Activity ->
Scan the records below for the line with "Add a touch" and the line with "A bottle of", and retype that range exactly, both ends included, pictures excepted.

Given information ->
######

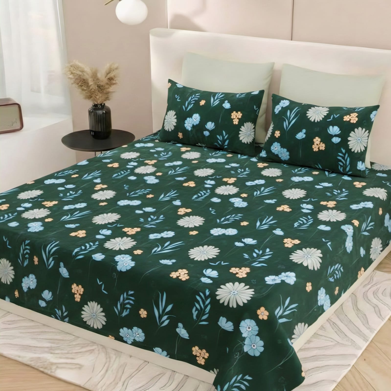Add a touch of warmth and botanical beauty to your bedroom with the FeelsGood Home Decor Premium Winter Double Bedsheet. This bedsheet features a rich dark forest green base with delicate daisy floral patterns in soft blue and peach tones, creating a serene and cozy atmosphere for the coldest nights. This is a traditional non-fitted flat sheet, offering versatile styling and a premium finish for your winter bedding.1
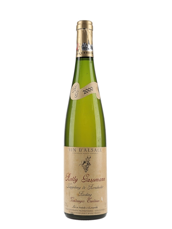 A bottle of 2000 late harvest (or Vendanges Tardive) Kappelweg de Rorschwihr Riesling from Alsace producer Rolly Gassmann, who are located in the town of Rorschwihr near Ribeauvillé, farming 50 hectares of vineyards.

######

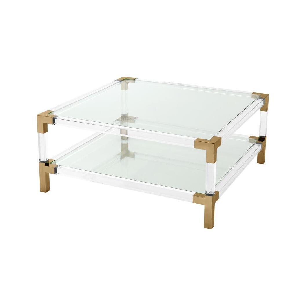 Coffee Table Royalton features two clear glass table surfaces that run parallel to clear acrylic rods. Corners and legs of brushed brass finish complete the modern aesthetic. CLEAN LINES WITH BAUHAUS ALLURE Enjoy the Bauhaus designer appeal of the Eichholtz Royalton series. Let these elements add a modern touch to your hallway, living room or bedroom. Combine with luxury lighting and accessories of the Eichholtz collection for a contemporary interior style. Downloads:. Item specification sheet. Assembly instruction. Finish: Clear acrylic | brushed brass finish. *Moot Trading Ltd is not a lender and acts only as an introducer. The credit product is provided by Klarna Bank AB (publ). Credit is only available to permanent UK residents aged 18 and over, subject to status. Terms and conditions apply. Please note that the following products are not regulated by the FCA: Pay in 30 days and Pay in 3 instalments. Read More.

######

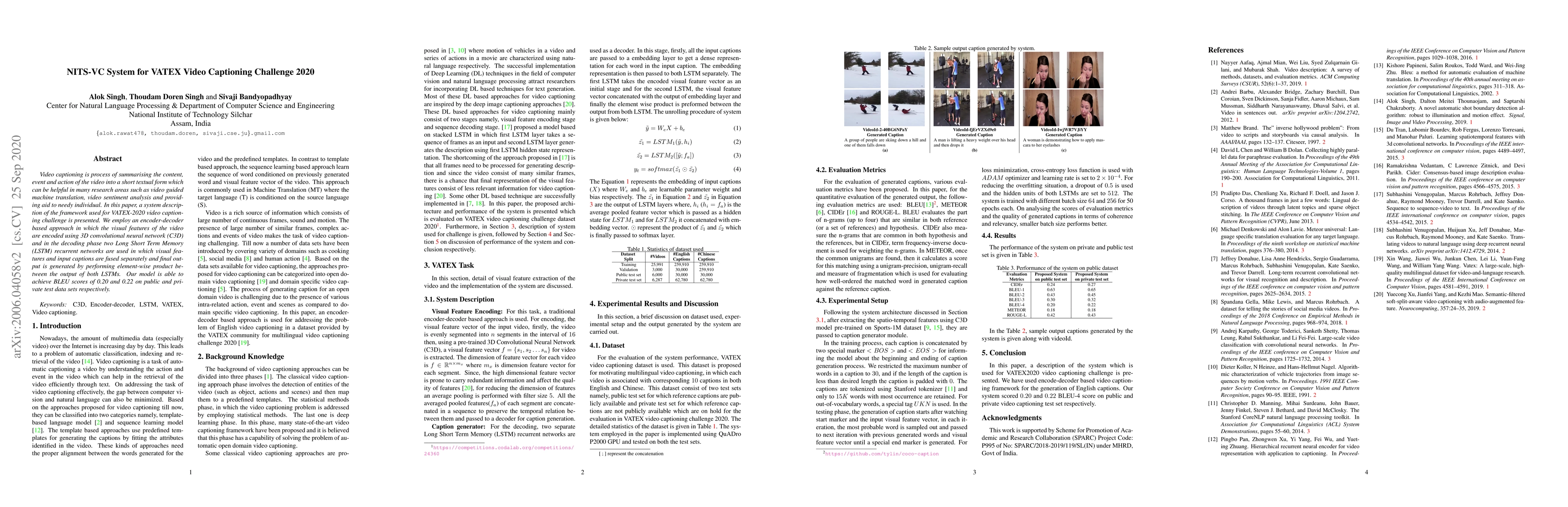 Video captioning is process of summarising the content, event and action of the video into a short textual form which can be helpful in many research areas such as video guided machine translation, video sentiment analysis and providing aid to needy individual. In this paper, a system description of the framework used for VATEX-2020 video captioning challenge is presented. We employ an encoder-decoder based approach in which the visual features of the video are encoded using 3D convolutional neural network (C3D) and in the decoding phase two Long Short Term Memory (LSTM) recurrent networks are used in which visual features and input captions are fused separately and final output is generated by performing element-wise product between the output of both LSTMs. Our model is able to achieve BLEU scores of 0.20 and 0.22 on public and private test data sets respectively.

######

Exercise response ->
Add a touch of warmth and botanical beauty to your bedroom with the FeelsGood Home Decor Premium Winter Double Bedsheet. This bedsheet features a rich dark forest green base with delicate daisy floral patterns in soft blue and peach tones, creating a serene and cozy atmosphere for the coldest nights. This is a traditional non-fitted flat sheet, offering versatile styling and a premium finish for your winter bedding.1
 A bottle of 2000 late harvest (or Vendanges Tardive) Kappelweg de Rorschwihr Riesling from Alsace producer Rolly Gassmann, who are located in the town of Rorschwihr near Ribeauvillé, farming 50 hectares of vineyards.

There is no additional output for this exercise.